DETAILED DESCRIPTION OF THE INVENTIONAlkyl Ether Carboxylic Acid
In the context of the current invention alkyl ether carboxylic acid dispersants are not included as anionic surfactants. Weights of alkyl ether carboxylic acid are calculated as the protonated form, R—(OCH2CH2)n—OCH2COOH. They may be used as salt version for example sodium salt, or amine salt.
The alkyl chain may be linear or branched, preferably it is linear.
The alkyl chain may be aliphatic or contain one cis-double bond. Preferred examples of aliphatic linear chains are CH3(CH2)13, CH3(CH2)15, CH3(CH2)17, and CH3(CH2)19.
The alkyl chain is most preferably CH3(CH2)7CH═CH(CH2)8.
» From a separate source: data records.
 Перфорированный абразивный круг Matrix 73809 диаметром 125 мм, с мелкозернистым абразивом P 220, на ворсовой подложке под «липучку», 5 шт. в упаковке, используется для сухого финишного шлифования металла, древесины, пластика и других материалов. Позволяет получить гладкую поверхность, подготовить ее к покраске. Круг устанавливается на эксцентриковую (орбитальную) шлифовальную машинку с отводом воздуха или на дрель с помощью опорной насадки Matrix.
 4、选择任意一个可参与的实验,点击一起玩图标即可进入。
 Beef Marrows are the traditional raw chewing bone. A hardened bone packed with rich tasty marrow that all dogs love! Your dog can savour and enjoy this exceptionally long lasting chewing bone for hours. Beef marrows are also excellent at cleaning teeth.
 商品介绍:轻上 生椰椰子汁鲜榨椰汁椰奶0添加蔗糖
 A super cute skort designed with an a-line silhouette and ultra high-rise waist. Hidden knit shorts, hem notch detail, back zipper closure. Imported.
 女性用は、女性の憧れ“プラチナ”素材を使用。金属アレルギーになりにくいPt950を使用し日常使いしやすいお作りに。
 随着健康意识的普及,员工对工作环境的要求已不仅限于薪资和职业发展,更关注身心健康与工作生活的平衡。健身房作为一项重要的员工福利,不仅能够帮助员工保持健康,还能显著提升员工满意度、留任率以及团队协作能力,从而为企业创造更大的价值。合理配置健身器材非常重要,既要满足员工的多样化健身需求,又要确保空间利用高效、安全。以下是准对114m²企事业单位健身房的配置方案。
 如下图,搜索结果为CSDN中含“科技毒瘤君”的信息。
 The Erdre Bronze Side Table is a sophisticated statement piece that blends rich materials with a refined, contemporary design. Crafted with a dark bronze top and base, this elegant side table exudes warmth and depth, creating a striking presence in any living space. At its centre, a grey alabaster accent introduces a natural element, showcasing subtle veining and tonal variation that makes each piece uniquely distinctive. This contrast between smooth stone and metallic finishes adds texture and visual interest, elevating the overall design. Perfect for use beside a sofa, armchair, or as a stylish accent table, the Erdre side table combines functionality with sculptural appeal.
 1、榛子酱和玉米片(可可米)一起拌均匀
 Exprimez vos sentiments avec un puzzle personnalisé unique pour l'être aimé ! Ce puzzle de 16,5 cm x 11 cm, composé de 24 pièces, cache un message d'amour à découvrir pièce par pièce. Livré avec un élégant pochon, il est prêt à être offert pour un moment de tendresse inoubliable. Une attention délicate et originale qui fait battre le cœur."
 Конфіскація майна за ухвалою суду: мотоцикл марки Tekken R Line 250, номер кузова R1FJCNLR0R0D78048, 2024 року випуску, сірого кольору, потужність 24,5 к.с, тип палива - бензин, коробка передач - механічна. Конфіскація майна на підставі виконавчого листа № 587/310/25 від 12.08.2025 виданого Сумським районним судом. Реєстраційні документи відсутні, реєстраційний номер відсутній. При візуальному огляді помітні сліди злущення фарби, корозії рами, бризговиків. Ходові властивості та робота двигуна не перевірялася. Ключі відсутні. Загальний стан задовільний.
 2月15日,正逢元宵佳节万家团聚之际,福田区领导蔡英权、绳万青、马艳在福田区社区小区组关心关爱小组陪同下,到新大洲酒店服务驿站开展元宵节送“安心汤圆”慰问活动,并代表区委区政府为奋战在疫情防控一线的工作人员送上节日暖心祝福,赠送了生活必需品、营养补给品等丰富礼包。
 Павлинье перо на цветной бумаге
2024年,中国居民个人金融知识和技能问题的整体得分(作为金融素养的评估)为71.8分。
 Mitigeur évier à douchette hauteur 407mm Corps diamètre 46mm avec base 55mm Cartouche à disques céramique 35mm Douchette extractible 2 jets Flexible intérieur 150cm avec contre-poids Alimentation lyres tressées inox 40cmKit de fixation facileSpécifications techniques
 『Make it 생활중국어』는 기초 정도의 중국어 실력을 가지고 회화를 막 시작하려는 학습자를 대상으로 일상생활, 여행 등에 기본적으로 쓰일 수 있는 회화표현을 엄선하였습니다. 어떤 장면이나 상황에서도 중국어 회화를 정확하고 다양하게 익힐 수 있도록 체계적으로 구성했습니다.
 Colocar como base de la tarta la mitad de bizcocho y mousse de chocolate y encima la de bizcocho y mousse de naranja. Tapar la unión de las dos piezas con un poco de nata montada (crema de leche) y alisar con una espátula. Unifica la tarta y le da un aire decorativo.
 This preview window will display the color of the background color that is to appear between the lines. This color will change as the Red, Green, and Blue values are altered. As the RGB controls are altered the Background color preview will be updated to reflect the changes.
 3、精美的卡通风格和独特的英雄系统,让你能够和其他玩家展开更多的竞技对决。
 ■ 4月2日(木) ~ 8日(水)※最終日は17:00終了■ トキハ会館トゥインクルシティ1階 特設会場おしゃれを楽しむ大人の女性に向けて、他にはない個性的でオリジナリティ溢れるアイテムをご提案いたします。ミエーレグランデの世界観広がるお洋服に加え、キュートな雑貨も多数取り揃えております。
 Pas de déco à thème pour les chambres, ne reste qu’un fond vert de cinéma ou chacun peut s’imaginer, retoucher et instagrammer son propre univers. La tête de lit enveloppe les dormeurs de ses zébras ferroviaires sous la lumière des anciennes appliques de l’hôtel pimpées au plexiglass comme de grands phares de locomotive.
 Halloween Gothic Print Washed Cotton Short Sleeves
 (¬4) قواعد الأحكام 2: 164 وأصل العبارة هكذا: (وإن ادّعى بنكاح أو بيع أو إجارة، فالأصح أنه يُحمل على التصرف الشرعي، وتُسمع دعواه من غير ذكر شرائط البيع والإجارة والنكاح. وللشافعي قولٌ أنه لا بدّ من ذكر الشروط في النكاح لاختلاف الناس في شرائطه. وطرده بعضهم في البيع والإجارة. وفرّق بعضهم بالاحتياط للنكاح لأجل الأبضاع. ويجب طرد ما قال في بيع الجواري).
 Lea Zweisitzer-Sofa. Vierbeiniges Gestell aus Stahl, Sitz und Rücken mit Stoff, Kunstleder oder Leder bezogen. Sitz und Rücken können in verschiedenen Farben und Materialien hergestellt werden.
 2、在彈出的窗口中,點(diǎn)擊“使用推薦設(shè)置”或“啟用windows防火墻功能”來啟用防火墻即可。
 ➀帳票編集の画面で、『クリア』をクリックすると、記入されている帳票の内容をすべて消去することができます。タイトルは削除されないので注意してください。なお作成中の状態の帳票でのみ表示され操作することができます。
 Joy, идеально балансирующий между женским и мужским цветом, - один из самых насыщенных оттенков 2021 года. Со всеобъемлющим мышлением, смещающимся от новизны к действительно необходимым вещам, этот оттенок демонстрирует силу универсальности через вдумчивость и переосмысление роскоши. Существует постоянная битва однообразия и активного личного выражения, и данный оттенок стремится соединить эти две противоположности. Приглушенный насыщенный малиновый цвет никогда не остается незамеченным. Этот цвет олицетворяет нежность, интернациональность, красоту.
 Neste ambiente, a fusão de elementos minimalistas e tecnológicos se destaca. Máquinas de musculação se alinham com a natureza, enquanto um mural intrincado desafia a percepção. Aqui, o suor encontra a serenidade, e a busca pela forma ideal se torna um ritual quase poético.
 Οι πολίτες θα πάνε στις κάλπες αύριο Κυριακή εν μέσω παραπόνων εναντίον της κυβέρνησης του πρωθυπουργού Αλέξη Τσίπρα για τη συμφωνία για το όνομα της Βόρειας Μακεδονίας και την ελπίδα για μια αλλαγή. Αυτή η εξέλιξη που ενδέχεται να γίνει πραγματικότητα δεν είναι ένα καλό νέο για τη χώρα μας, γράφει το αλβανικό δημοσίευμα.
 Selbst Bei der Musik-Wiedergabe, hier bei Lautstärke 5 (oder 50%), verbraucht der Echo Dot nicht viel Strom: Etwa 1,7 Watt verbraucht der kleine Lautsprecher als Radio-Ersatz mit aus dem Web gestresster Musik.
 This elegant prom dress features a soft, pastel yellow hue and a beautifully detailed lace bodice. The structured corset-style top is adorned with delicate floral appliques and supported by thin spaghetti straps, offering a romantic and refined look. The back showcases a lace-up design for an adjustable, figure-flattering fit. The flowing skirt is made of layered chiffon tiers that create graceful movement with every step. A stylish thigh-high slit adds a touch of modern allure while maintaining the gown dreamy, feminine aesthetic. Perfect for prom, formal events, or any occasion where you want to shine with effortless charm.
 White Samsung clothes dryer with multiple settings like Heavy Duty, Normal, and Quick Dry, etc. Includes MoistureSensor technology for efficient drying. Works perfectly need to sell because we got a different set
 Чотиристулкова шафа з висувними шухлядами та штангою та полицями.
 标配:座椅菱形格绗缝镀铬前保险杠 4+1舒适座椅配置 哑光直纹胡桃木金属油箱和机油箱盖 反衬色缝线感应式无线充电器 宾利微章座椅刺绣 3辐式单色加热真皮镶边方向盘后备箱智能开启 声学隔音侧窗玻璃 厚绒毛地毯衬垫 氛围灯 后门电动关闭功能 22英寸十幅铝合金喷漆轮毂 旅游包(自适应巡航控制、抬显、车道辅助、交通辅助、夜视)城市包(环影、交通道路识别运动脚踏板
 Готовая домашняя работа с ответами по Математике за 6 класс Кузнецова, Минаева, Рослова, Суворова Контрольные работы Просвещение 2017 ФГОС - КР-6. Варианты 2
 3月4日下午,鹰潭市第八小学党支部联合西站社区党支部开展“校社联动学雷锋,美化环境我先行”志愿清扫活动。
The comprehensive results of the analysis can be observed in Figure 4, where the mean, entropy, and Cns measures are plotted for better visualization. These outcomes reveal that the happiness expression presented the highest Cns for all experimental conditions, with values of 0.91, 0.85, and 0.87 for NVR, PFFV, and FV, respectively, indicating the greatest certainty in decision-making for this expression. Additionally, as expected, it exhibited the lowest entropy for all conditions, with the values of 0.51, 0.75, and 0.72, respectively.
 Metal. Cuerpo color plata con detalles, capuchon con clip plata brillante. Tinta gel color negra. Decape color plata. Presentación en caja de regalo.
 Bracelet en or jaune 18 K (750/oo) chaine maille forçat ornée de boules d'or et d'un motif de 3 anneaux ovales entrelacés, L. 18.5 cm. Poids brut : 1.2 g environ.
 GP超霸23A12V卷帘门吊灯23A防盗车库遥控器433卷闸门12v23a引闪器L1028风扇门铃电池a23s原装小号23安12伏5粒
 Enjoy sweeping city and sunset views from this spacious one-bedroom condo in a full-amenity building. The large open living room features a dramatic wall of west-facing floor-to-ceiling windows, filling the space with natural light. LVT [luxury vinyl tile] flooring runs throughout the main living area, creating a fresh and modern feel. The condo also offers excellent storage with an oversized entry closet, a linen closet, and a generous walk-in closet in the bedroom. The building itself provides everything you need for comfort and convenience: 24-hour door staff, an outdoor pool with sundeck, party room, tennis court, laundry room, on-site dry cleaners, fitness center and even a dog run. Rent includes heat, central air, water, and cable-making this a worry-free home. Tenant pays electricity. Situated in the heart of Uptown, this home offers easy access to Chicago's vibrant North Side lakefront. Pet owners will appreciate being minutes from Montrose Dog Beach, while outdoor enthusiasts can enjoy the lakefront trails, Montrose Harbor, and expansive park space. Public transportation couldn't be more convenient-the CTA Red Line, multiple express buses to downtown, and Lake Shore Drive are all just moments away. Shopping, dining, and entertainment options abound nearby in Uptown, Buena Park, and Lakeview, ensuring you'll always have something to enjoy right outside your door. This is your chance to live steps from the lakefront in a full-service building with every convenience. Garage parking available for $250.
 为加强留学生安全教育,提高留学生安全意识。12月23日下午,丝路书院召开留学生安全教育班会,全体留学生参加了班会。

The alkyl ether carboxylic acid is most preferably of the structure:
CH3(CH2)7CH═CH(CH2)8(OCH2CH2)10OCH2COOH.
Alkyl ether carboxylic acid are available from Kao (Akypo®), Sassol (Marlowet®) Huntsman (Empicol®) and Clariant (Emulsogen®).
Lipases
Cleaning lipases are discussed in Enzymes in Detergency edited by Jan H. Van Ee, Onno Misset and Erik J. Baas (1997 Marcel Dekker, New York).
Cleaning lipases are preferable active at alkaline pH in the range 7 to 11, most preferably they have maximum activity in the pH range 8 to 10.5.
The lipase may be selected from lipase enzymes in E.C. class 3.1 or 3.2 or a combination thereof.
Preferably the cleaning lipases selected a Triacylglycerol lipases (E.C. 3.1.1.3).
Suitable triacylglycerol lipases can be selected from variants of the Humicola lanuginosa (Thermomyces lanuginosus) lipase. Other suitable triacylglycerol lipases can be selected from variants of Pseudomonas lipases, e.g., from P. alcaligenes or P. pseudoalcaligenes (EP 218 272), P. cepacia (EP 331 376), P. stutzeri (GB 1,372,034), P. fluorescens, Pseudomonas sp. strain SD 705 (WO 95/06720 and WO 96/27002), P. wisconsinensis (WO 96/12012), Bacillus lipases, e.g., from B. subtilis (Dartois et al. (1993), Biochemica et Biophysica Acta, 1131, 253-360), B. stearothermophilus (JP 64/744992) or B. pumilus (WO 91/16422).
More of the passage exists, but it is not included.